+++ GIVEN INFORMATION +++
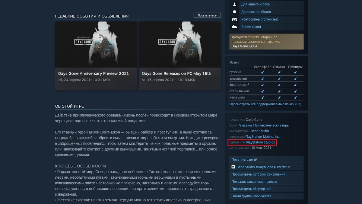 На это обратил внимание пользователь Reddit под ником SulyvahnThe2nd, обнаруживший, что на страницах Horizon: Zero Dawn - Complete Edition и Days Gone в Steam появилась ссылка,
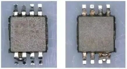 另外,丝印工艺现在的IC大厂早已淘汰,但很多芯片翻新因成本原因仍用丝印工艺,这也是判断依据之一,丝印的字会略微高于芯片表面,用手摸可以感觉到细微的不平或有发涩的感觉。
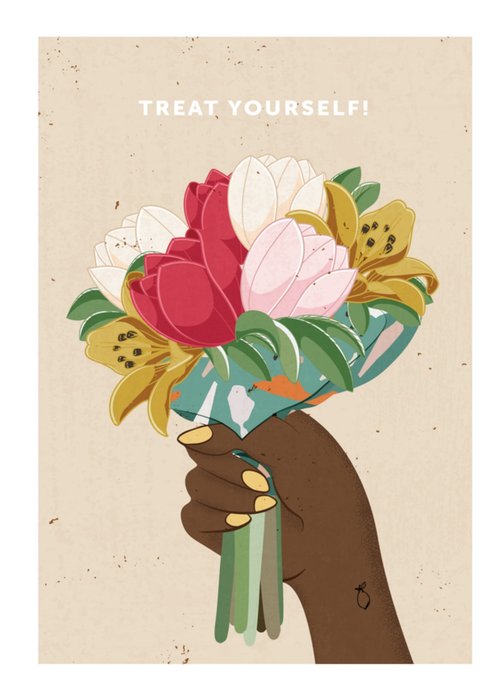 Verstuur deze mooie en pastel kleurige kaart met erop een bosje bloemen en de tekst: Treat yourself!
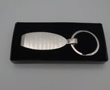 Engravable are is approximately 45 x 20mm. Full length of keychain is 70mm and split ring is 34mm in diameter.
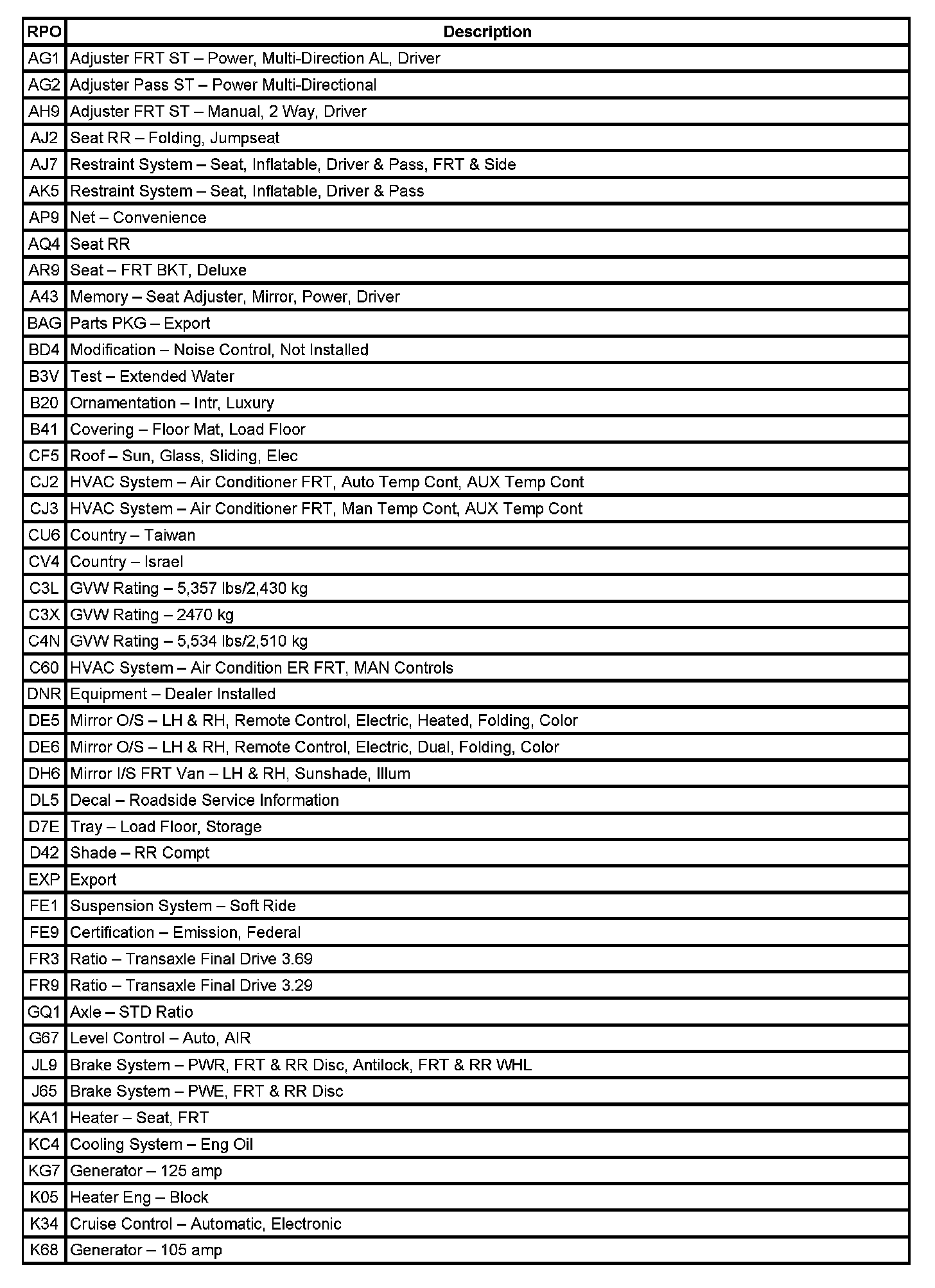 RPO Code List (Part 1):
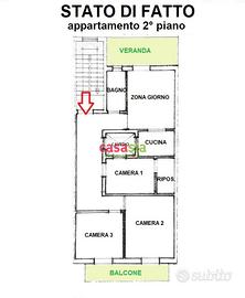 Attualmente l'appartamento presenta una zona giorno con cucina e comodissima verandina, un bagno, ripostiglio e 3 camere da poter utilizzare a tuo personalissima esigenza.
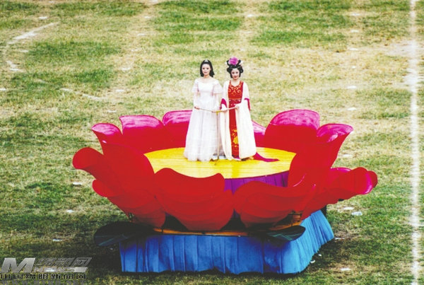 在綿陽舉行的第四屆全國農(nóng)民運動會開幕式上,中國戲劇梅花獎得主喻海燕、蔣淑梅同臺獻藝。(曾巨光攝于2000年)
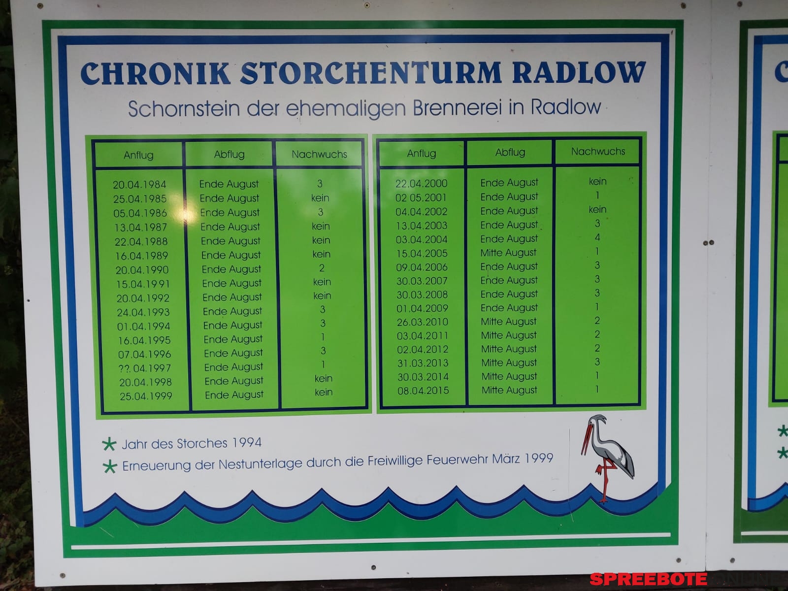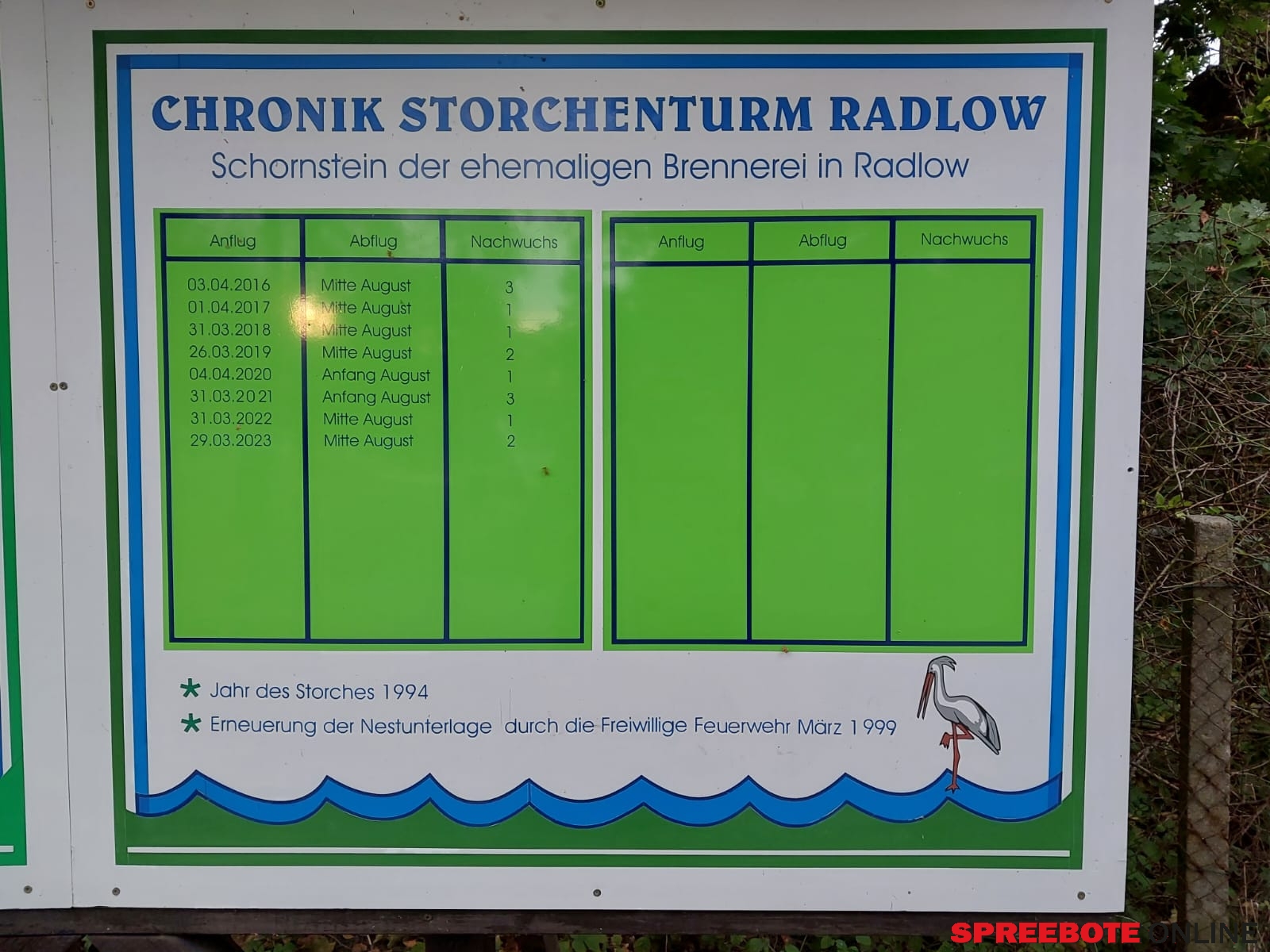 In der Ortschronik findet sich dazu folgende Passage: Eine kleine ornithologische Besonderheit ist es leider schon, was früher so selbstverständlich für Dörfer unserer Region war. Auf dem sehr alten übriggebliebenen Schornstein der ehemaligen Brennerei ( Abriss im März 1995 ) des Gutes befindet sich ein Storchennest, das einzige am Scharmützelsee ! Aufmerksame Einwohner von Radlow registrieren alljährlich Anflug, Nachwuchs und Abflug in einer „Storchenchronik“, die für jeden sichtbar vor dem Schornstein auf einer Tafel angebracht ist.“
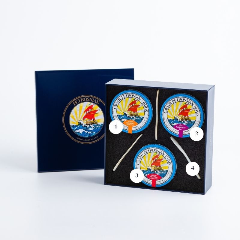 Ce coffret La Trilogie des Caviars est l'occasion d'offrir une dégustation de nos emblématiques caviars de la Maison. Les trois caviars Ossetra, Baïka® et Daurenki® sont présentés avec leurs trois palettes en nacre dans une élégante boîte métallique lithographiée Petrossian. En somme le cadeau idéal pour une initiation à l'univers du caviar approfondie. Ce coffret se décline avec des boîtes de caviar de 30 g ou 50 g et en sélection Royal ou Tsar Impérial®.
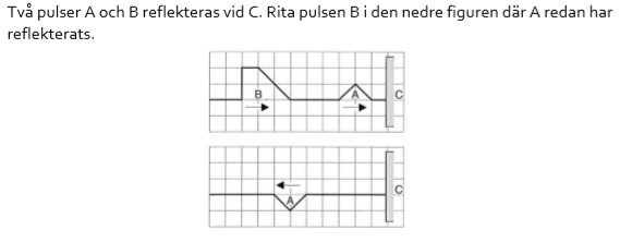 Detta är mitt försök till lösning som är något uppskalat, då vi inte får farten antar jag att det alltid är 3 rutor mellan A och B vilket i min uppskalade version blir 6 rutor. Men hur den reflekterade vågen ska summeras med den ingående vågen förstår jag ej.
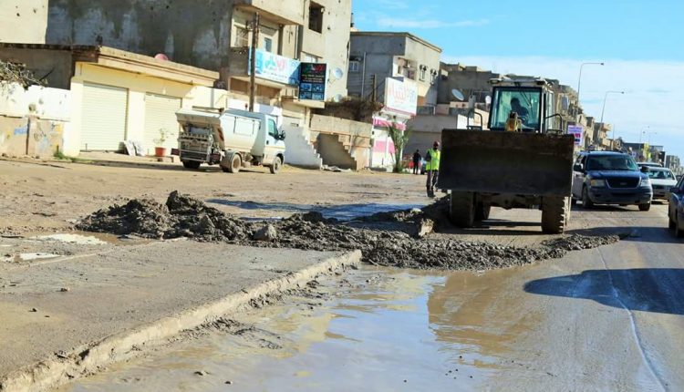 بلدية بنغازي تواصل تسليك وتنظيف شوارع المدينة من مياه الامطار
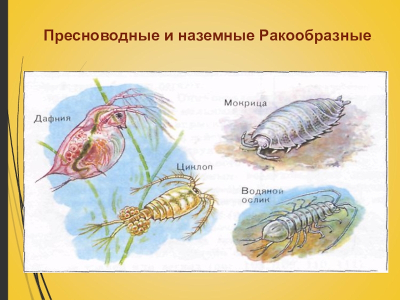 Слайд 7Пресноводные и наземные Ракообразные.
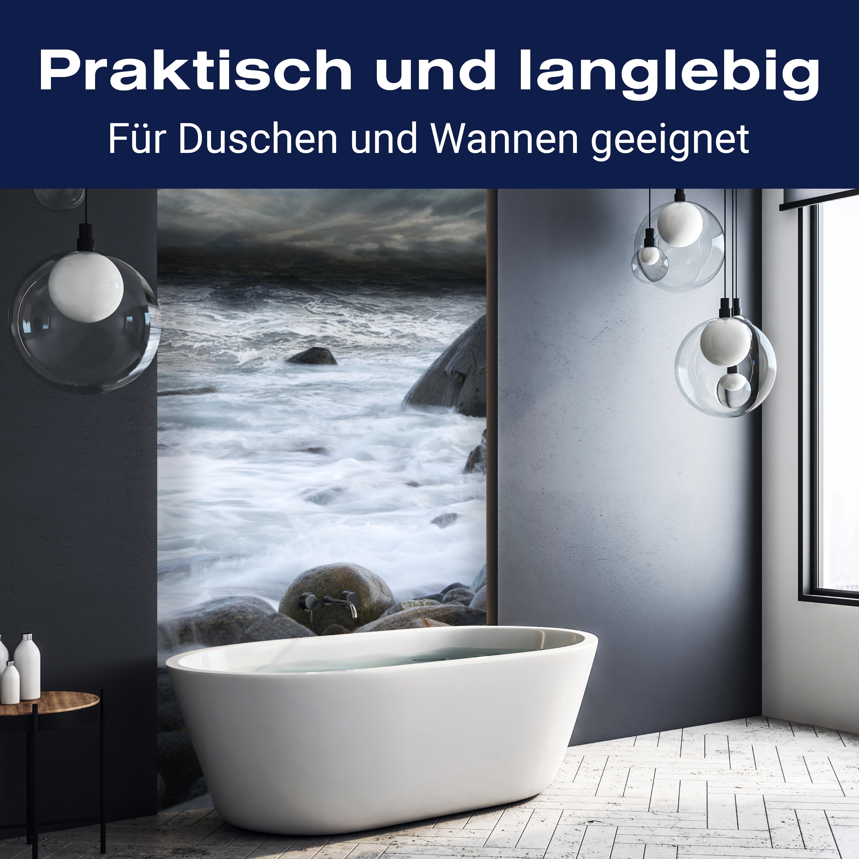 Erlebe die perfekte Symbiose aus Stil und Praktikabilität mit unserer hochwertigen Duschwand von Wandmotiv24. Gefertigt in Deutschland, steht dieses Produkt für eine fugenlose Sauberkeit, die dein Badezimmer in eine Oase der Ruhe und Entspannung verwandelt. Unsere Duschwände sind in verschiedenen Größen von 70 x 200 cm bis zu 100 x 200 cm verfügbar, um perfekt in dein Raumkonzept zu passen.
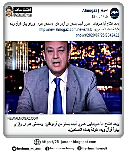 عمرو أديب يسخر من أردوغان «بعد افتتاح آيا صوفيا» محدش عبره وإزاي بيقرأ قرآن ويده ملوثة بدماء المسلمين
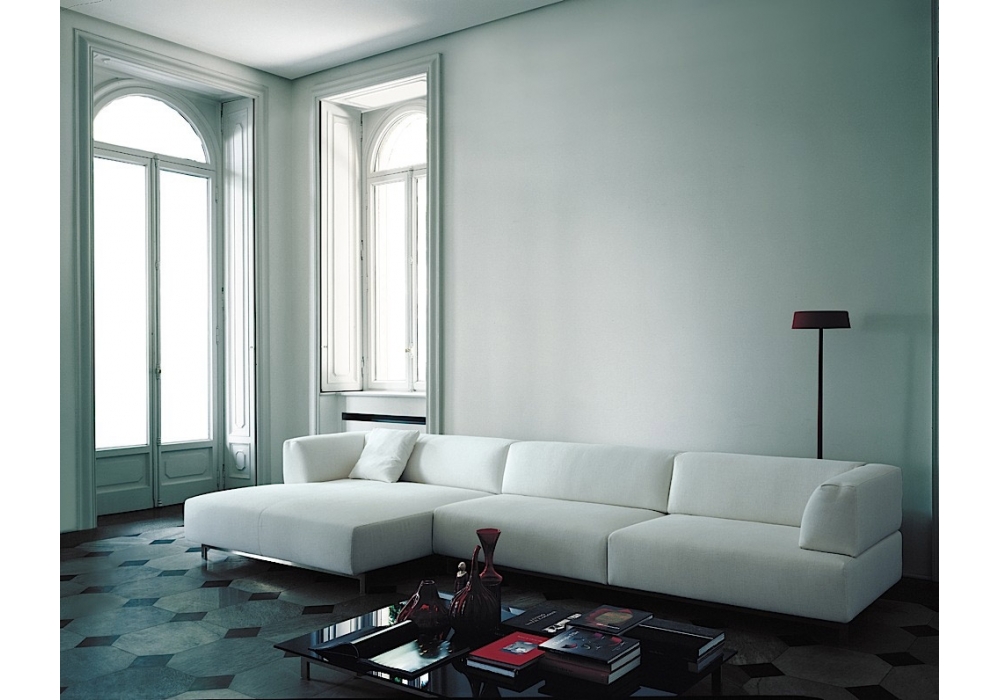 Metro² designed by Piero Lissoni for Living Divani is both original and elegant, appealing to those keen on socialising and brilliant conversation. Modular sofa with lacquered steel frame. Support in beech plywood slats. Armrests and backrests structure in double-panelled poplar and pine. Pin and bush enabling the backrest and armrest to be unhooked from the frame to allow removal of the covers, for fabric upholstery only. Padding with differentiated density polyurethane foam. Covering in needle punched, resinated, nonwoven polyester fibre, bonded onto a polyamide velveteen backing. Steel base with satin nickel-finish. Fabric or leather upholstery. The fabric version only is fully removable by zippers and Velcro fastenings. The various elements are joined together by means of hooks. Seat depth 65cm.
+++
■ **WORK ORDER**
Your task is to copy exactly the lines from the line containing "Detta är mitt" through the final line of the listing above and to omit every picture.

■ **SOLUTION FOR THIS TASK**
 Detta är mitt försök till lösning som är något uppskalat, då vi inte får farten antar jag att det alltid är 3 rutor mellan A och B vilket i min uppskalade version blir 6 rutor. Men hur den reflekterade vågen ska summeras med den ingående vågen förstår jag ej.
 بلدية بنغازي تواصل تسليك وتنظيف شوارع المدينة من مياه الامطار
 Слайд 7Пресноводные и наземные Ракообразные.
 Erlebe die perfekte Symbiose aus Stil und Praktikabilität mit unserer hochwertigen Duschwand von Wandmotiv24. Gefertigt in Deutschland, steht dieses Produkt für eine fugenlose Sauberkeit, die dein Badezimmer in eine Oase der Ruhe und Entspannung verwandelt. Unsere Duschwände sind in verschiedenen Größen von 70 x 200 cm bis zu 100 x 200 cm verfügbar, um perfekt in dein Raumkonzept zu passen.
 عمرو أديب يسخر من أردوغان «بعد افتتاح آيا صوفيا» محدش عبره وإزاي بيقرأ قرآن ويده ملوثة بدماء المسلمين
 Metro² designed by Piero Lissoni for Living Divani is both original and elegant, appealing to those keen on socialising and brilliant conversation. Modular sofa with lacquered steel frame. Support in beech plywood slats. Armrests and backrests structure in double-panelled poplar and pine. Pin and bush enabling the backrest and armrest to be unhooked from the frame to allow removal of the covers, for fabric upholstery only. Padding with differentiated density polyurethane foam. Covering in needle punched, resinated, nonwoven polyester fibre, bonded onto a polyamide velveteen backing. Steel base with satin nickel-finish. Fabric or leather upholstery. The fabric version only is fully removable by zippers and Velcro fastenings. The various elements are joined together by means of hooks. Seat depth 65cm.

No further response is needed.